Complete step-by-step solution
We know that: The angle subtended by an arc of a circle at its centre is twice of the angle it subtends anywhere on the circle's circumference. So, we get:
$\angle ROT=2\angle RST$
Also, $\angle ROT=\angle POR={{130}^{{}^\circ }}$
So, we get:
\[\begin{align}
  & \Rightarrow {{130}^{{}^\circ }}=2\angle RST \\
 & \Rightarrow \angle RST={{65}^{{}^\circ }}......(1) \\
\end{align}\]
Therefore, $\angle 2={{65}^{{}^\circ }}$
Now, we know that the sum of all the angles on a line is ${{180}^{\circ }}$ . So, we get:
$\begin{align}
  & \Rightarrow \angle ROT+\angle QOT={{180}^{{}^\circ }} \\
 & \Rightarrow {{130}^{{}^\circ }}+\angle QOT={{180}^{{}^\circ }} \\
 & \Rightarrow \angle QOT={{50}^{{}^\circ }}......(2) \\
\end{align}$
Now, in $\Delta POQ$ , we have,
$\angle PQO={{90}^{\circ }}$ (angle subtended by a tangent at a circle)

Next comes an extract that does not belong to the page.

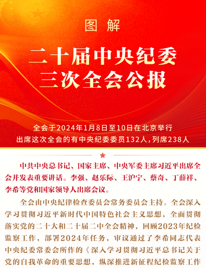 中共中央总书记、国家主席、中央军委主席习近平8日上午在中国共产党第二十届中央纪律检查委员会第三次全体会议上发表重要讲话。他强调,经过新时代十年坚持不懈的强力反腐,反腐败斗争取得压倒性胜利并全面巩固,但形势依然严峻复杂。我们对反腐败斗争的新情况新动向要有清醒认识,对腐败问题产生的土壤和条件要有清醒认识,以永远在路上的坚韧和执着,精准发力、持续发力,坚决打赢反腐败斗争攻坚战持久战。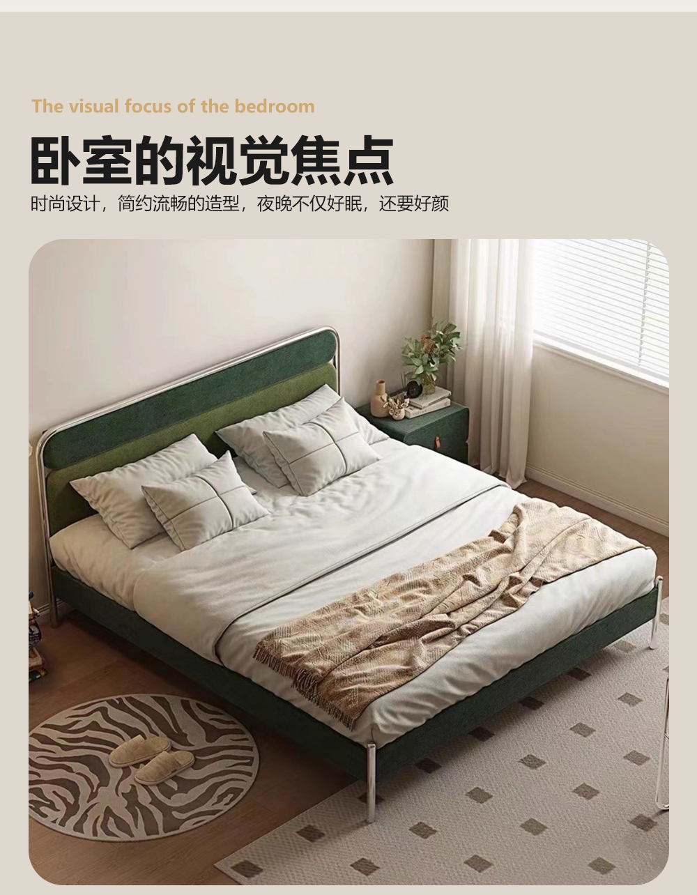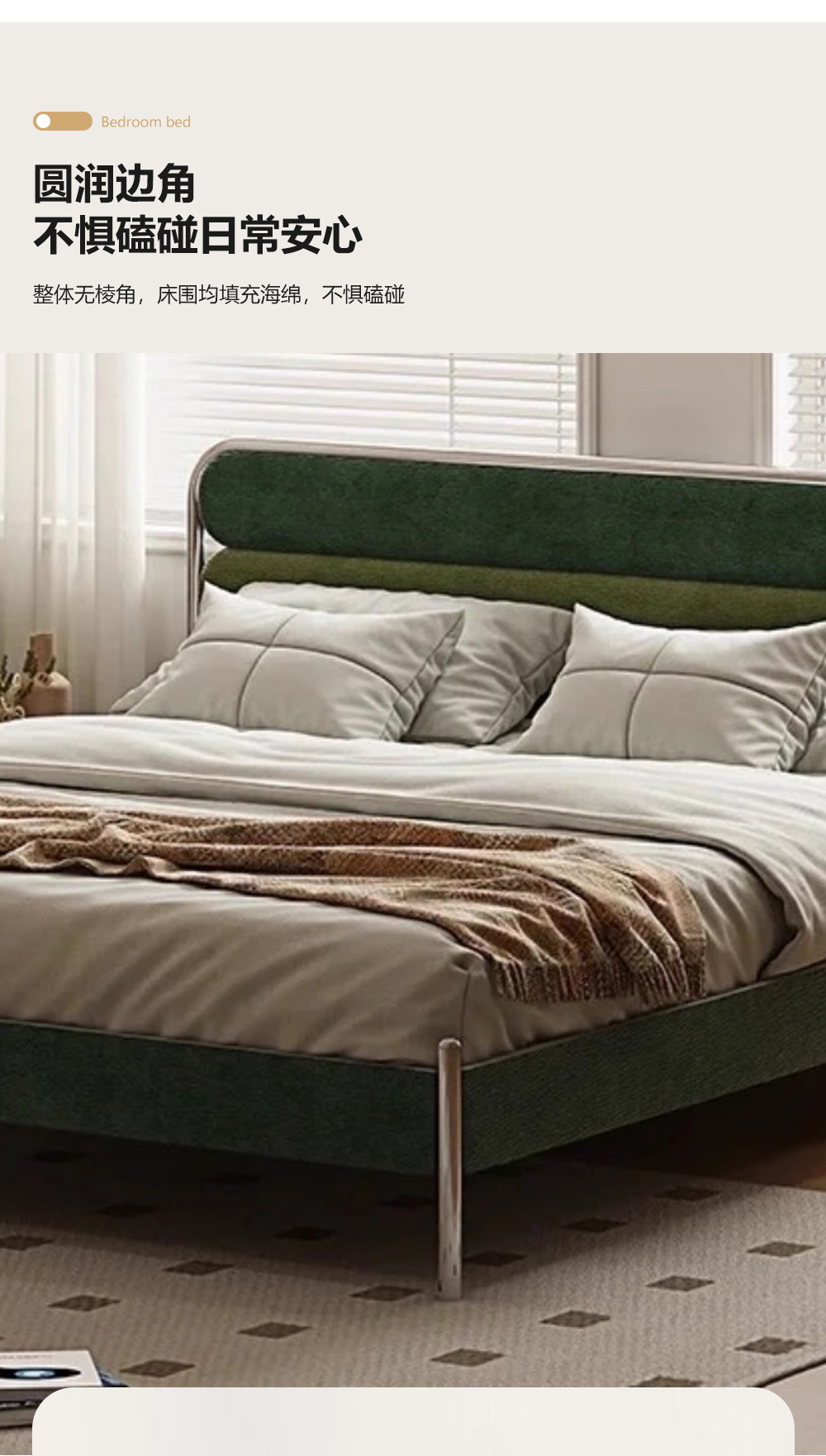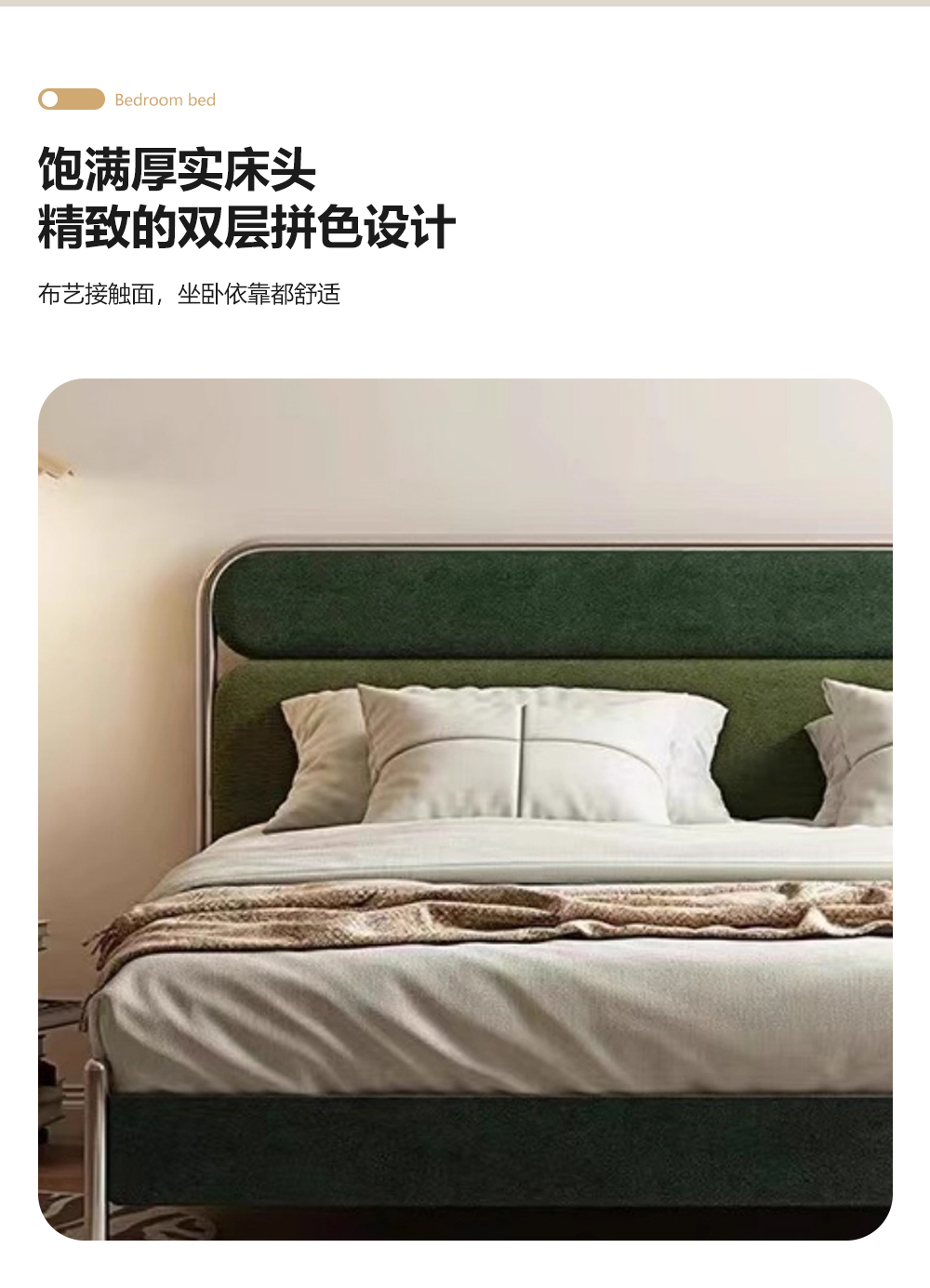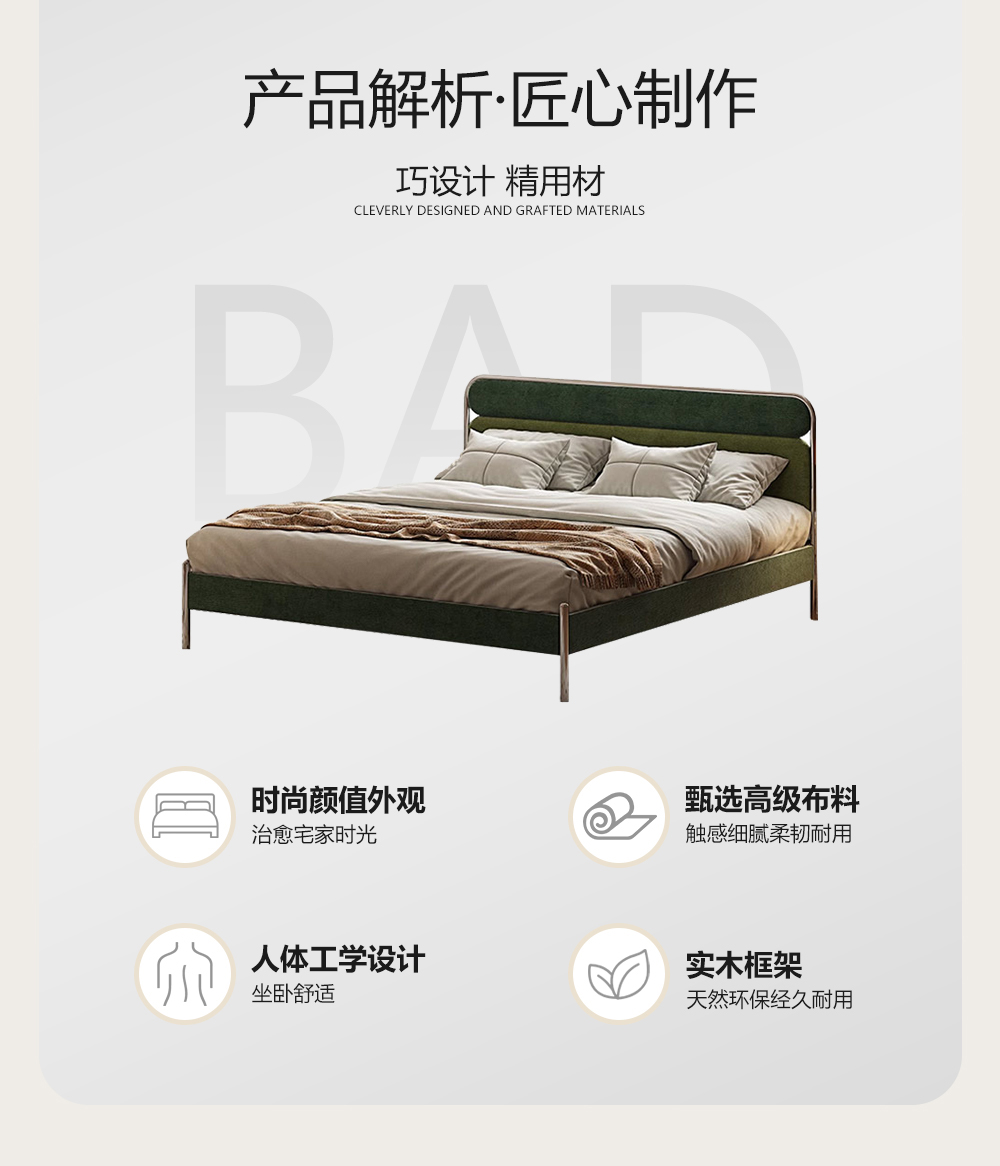 小红书系列 现代简约 实木框架+高回弹海绵+高档面料+不锈钢亮色五金 1.8米床

$\angle QOT={{50}^{{}^\circ }}$
So, we get:
$\begin{align}
  & \Rightarrow \angle QOT+\angle PQO+\angle OPQ={{180}^{{}^\circ }} \\
 & \Rightarrow {{50}^{{}^\circ }}+{{90}^{{}^\circ }}+\angle 1={{180}^{{}^\circ }} \\
 & \Rightarrow \angle 1={{180}^{{}^\circ }}-{{140}^{{}^\circ }} \\
 & \Rightarrow \angle 1={{40}^{{}^\circ }} \\
\end{align}$
Now, we need to find $\angle 1+\angle 2$
We have:
$\angle 1={{40}^{{}^\circ }}$
 $\angle 2={{65}^{{}^\circ }}$
So,
$\begin{align}
  & \angle 1+\angle 2={{40}^{{}^\circ }}+{{65}^{{}^\circ }} \\
 & ={{105}^{{}^\circ }}
\end{align}$

Note: Important theorems included in this question are:
1. The angle formed at the center of the circle by lines originating from two points on the circle's circumference is double the angle formed on the circumference of the circle by lines originating from the same points.
2. Tangent to a circle is always perpendicular to the radius.
3. the sum of angles of a triangle equals the straight angle, i.e. ${{180}^{\circ }}$
4. Angles on a straight line add up to ${{180}^{\circ }}$